| 要旨トップ | 目次 | | 日本生態学会第72回全国大会 (2025年3月、札幌) 講演要旨 ESJ72 Abstract |
一般講演(ポスター発表) P2-101 (Poster presentation)
野生動物の保護管理には、分布全域だけでなく、地域レベルなどの小さいスケールでも集団遺伝的構造を評価し、地域内個体間での遺伝子流動を評価することが重要である。本研究では、長野県のツキノワグマ(Ursus thibetanus)の保護管理施策への活用を見据え、中央・南アルプスの間に位置する信州伊那谷に着目し、地域スケールでのツキノワグマの集団遺伝的構造を評価することを目的とした。1991年から2024年にかけて伊那谷周辺で捕獲された約300個体を対象に、両性遺伝する核DNAのマイクロサテライト領域16座および母性遺伝するミトコンドリア(mt)DNA多型を用いて集団遺伝学的解析を行った。

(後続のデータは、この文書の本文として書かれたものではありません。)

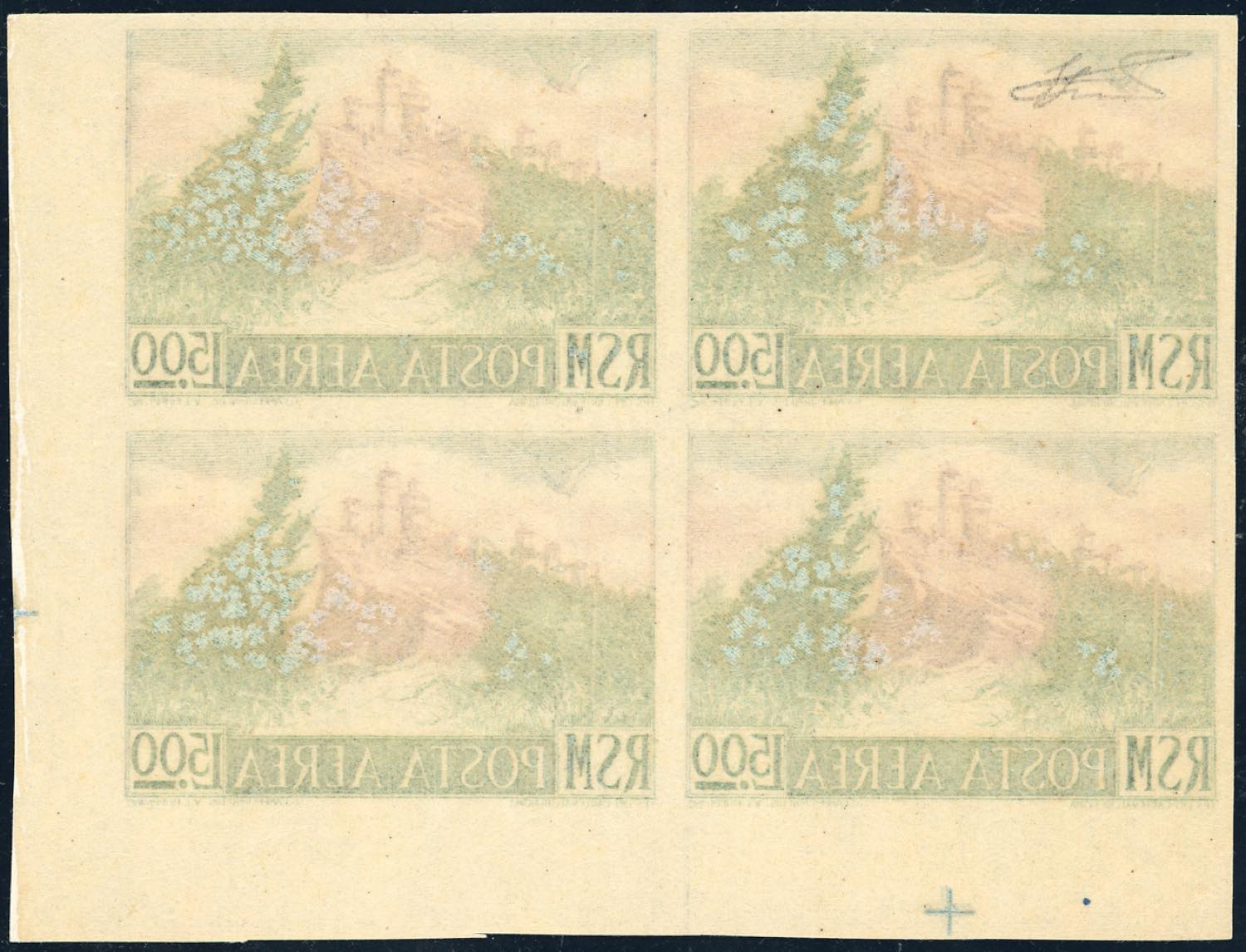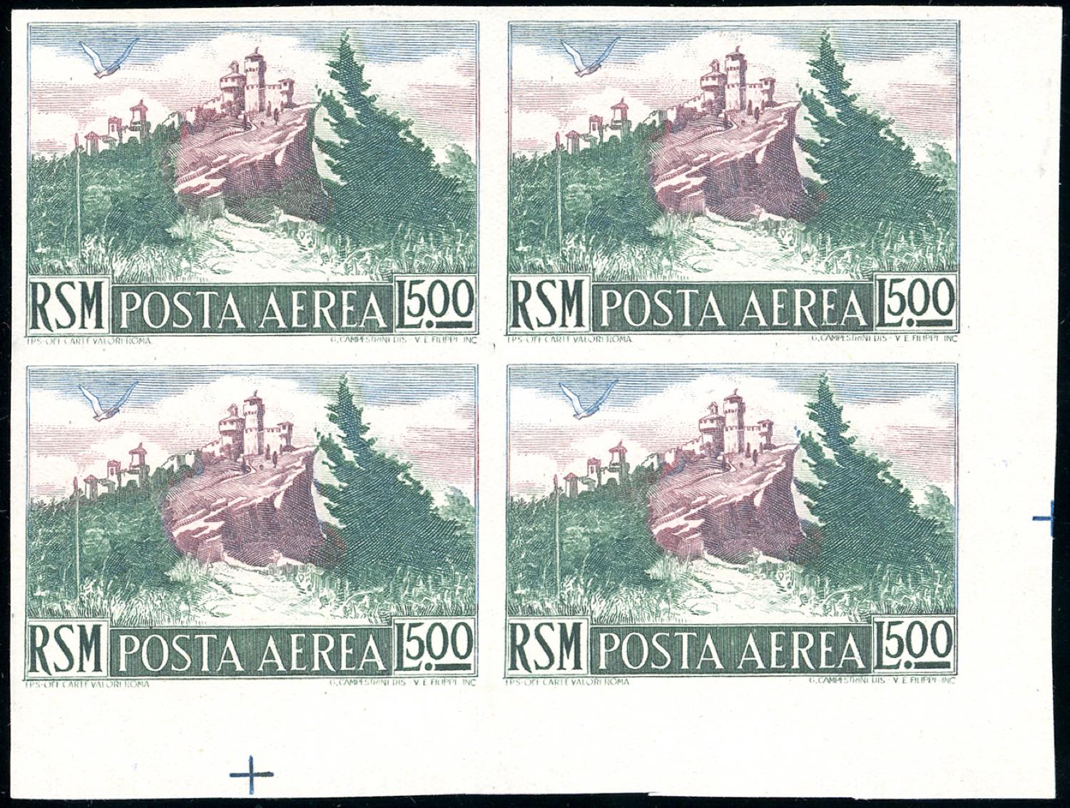 1950 - 500 lire Vedute, non dentellato (91b), blocco di quattro, angolo di foglio, gomma originale integra, perfetto. Bello e raro. Cert. ... Read more

核DNA解析からは、伊那谷を挟み、その東西に位置する中央アルプスと南アルプスで大きく2集団に分かれることがわかり、集団間のF’’STは0.218であった。また中央アルプス集団には北アルプス集団との混合の影響もみられ、遺伝的多様性も南アルプス集団よりも高い傾向にあった。一方、mtDNAでは、2集団間で主要ハプロタイプが異なり、F’’STは0.608と高い集団分化がみられた。また、南アルプス集団の方が、中央アルプス集団よりもハプロタイプ数、遺伝子多様度ともに高かった。これら結果から、信州伊那谷およびそこに展開した都市部、人里は中央・南アルプスのツキノワグマ集団の遺伝的障壁になっており、雌雄の移動分散の違いが示された。伊那谷周辺の人間活動は旧石器時代まで遡り、特に古墳時代以降は畿内中央政権から東国への玄関口、交通の要衝だったことなどの人間活動の歴史もこれら集団遺伝的構造に関係していると考えられる。さらに、これら2集団を別々の管理ユニットとしている長野県の現行の保護管理計画は、集団遺伝学的にも理に適っていることが分かった。